ANNAPOLIS -- The State Board of Education proposed a compromise set of high school graduation requirements to a legislative review panel yesterday, including a revised but still controversial provision to require students to perform up to 75 hours of community service.
To lessen opposition from local school systems that believe the community service requirement is inappropriate, too costly or both, the revised regulations would allow each system to design its own program provided it is approved by the state superintendent of schools.
The Administrative, Executive and Legislative Review Committee expressed concerns about the community service requirement as well as the overall $35 million, five-year cost of implementing the tougher graduation standards, but took no vote. Unless regulations are of an emergency nature, the panel can only review standard regulations and suggest changes.
The new graduation requirements, which would apply to students who graduate in 1998 or thereafter, also would:
* Cut the currently required one credit in physical education in half to make room for an added half-credit in health education, which could include topics such as acquired immune deficiency syndrome, drug or alcohol abuse, cardiopulmonary resuscitation or sex education.
* Retain at three the number of credits required in mathematics, but specify that two of those three must be obtained by taking algebra and geometry. The original proposal unveiled last fall called for the number of math credits to be increased to four, with two of the four in algebra and geometry.
* Retain at three the number of credits required in science.
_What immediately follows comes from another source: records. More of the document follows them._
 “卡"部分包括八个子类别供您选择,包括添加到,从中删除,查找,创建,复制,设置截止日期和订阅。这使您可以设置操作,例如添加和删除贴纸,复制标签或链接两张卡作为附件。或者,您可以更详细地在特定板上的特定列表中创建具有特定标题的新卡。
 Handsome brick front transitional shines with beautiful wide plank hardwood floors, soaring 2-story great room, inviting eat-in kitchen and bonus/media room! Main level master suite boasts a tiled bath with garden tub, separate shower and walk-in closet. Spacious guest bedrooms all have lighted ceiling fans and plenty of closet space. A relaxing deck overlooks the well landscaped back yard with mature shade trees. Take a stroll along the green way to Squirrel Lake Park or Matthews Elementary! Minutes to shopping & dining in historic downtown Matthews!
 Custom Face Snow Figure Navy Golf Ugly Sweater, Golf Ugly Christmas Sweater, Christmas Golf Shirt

The original proposal would have reduced that to two.
* Require for the first time a credit in a course of study called "technology education," described by state education officials as practical application of what students learn in math and science.
* Require three credits in social studies, the same as at present, but specifically require that one be in U.S. history, one in world history, and one in local, state and national government. The original proposal had called for four credits, the fourth one split between geography and economics.
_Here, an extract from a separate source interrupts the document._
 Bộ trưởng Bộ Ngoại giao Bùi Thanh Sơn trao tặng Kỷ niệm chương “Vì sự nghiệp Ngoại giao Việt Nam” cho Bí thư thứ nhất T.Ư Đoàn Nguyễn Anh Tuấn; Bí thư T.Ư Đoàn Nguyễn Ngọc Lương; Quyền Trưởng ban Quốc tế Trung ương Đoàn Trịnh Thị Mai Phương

The State Board of Education is scheduled to hold a public meeting on those and other proposed changes to the graduation requirements July 29 at its headquarters at 200 W. Baltimore St.
State School Superintendent Nancy S. Grasmick said the revised regulations, two years in the making and the first since 1985, represented compromises developed through discussions with local school superintendents and boards of education.
Several review committee members said the community service and technology education proposals were too vague.
Del. Howard P. Rawlings, D-Baltimore, complained that the state was emphasizing "feely, fudgy-wudgy kinds of programs" rather than concentrating on more core educational requirements.
Several also said they were worried that the cost of imposing the stiffer graduation requirements will simply be passed along to the local jurisdictions, while noting that the state also is in no financial position to take on new spending.